Well give the players grades. Please give an explanation for each player. These posts will be tiem consuming but just do it. Sort it by Position and then sort by depth chart. Grade scales will be A+ through F. Also incomplete if needed. I will post mine once I get the time.


----------



## Flanders (Jul 24, 2004)

Why not start it off with the Kevin Garnett himself?










*Kevin Garnett:*

*A* (would be A+ if we didn't lose a couple questionable games)

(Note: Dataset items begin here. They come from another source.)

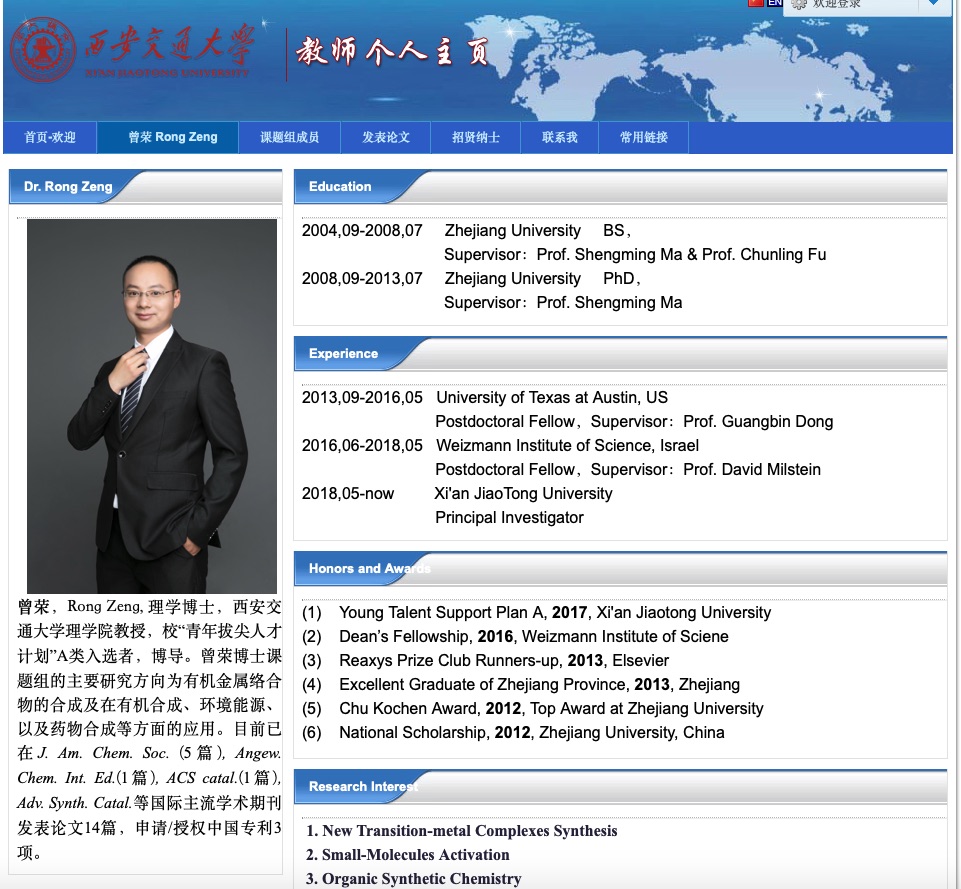 曾荣教授,西安交通大学理学院教授。曾荣教授主要从事有机合成方法学、金属有机络合物化学、环境与能源化学等相关研究。自开展研究工作以来,本人先后在J. Am. Chem. Soc, Angew. Chem. Int. Ed., ACS Catal.等国际权威期刊上发表文章13篇,总引用次数过400次。
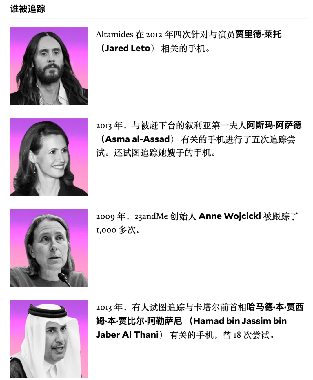 此外,还有普通人被卷入,如一位俄罗斯移民Sophia被私人追踪近一年,从英国到印度。名人如演员Jared Leto和奥地利流行歌手Wolfgang Ambros也榜上有名。这些追踪往往用于个人骚扰、企业间谍或政治XX(黑鸟水印)。
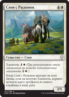 | Rules | Kicker (You may pay an additional as you cast this spell.) When Excavation Elephant enters the battlefield, if it was kicked, return target artifact card from your graveyard to your hand. |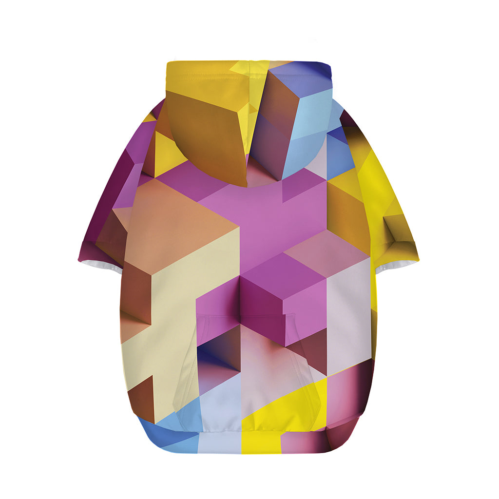 The Pastel Geometric Cubic Print Dog Zip Up Hoodie is more than just pet clothing—it’s a way to express your style while offering practical benefits. From lounging at home to neighborhood strolls, this hoodie provides an easy wardrobe addition for pets that don't mind dressing up.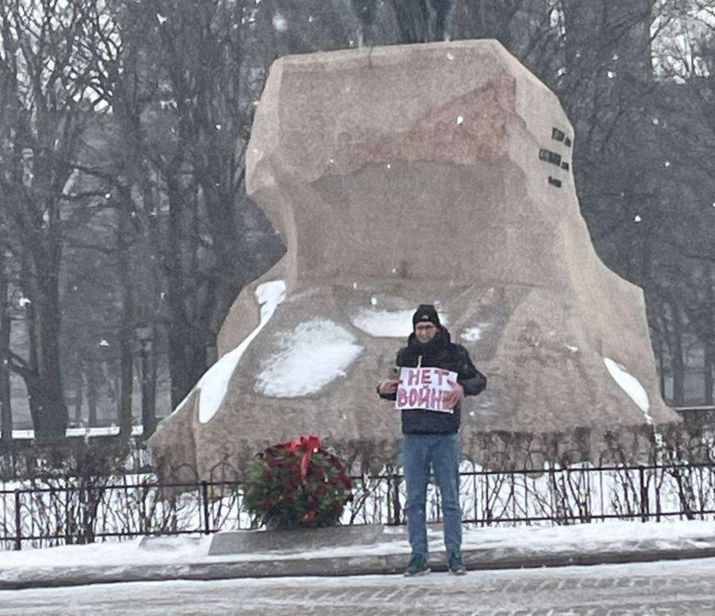 Ebenfalls in St. Petersburg wurde Ivan Popov, Einwohner von St. Petersburg, am Denkmal „Der Eherne Reiter“ mit dem Plakat „Nein zum Krieg“ festgenommen.

- KG has proven time and time again that he is the best player on the planet. He may not be grabbing as many rebounds and scoring as many points as his old self, but he is shooting the ball at a 57% clip. The reason for Garnett's high FG% is because he is playing in the paint more than I have ever seen. Sure, tonight against the Kings he had an awful game shooting jumper after jumper, but all season long KG has been banging in the paint and hitting those high percentage shots. 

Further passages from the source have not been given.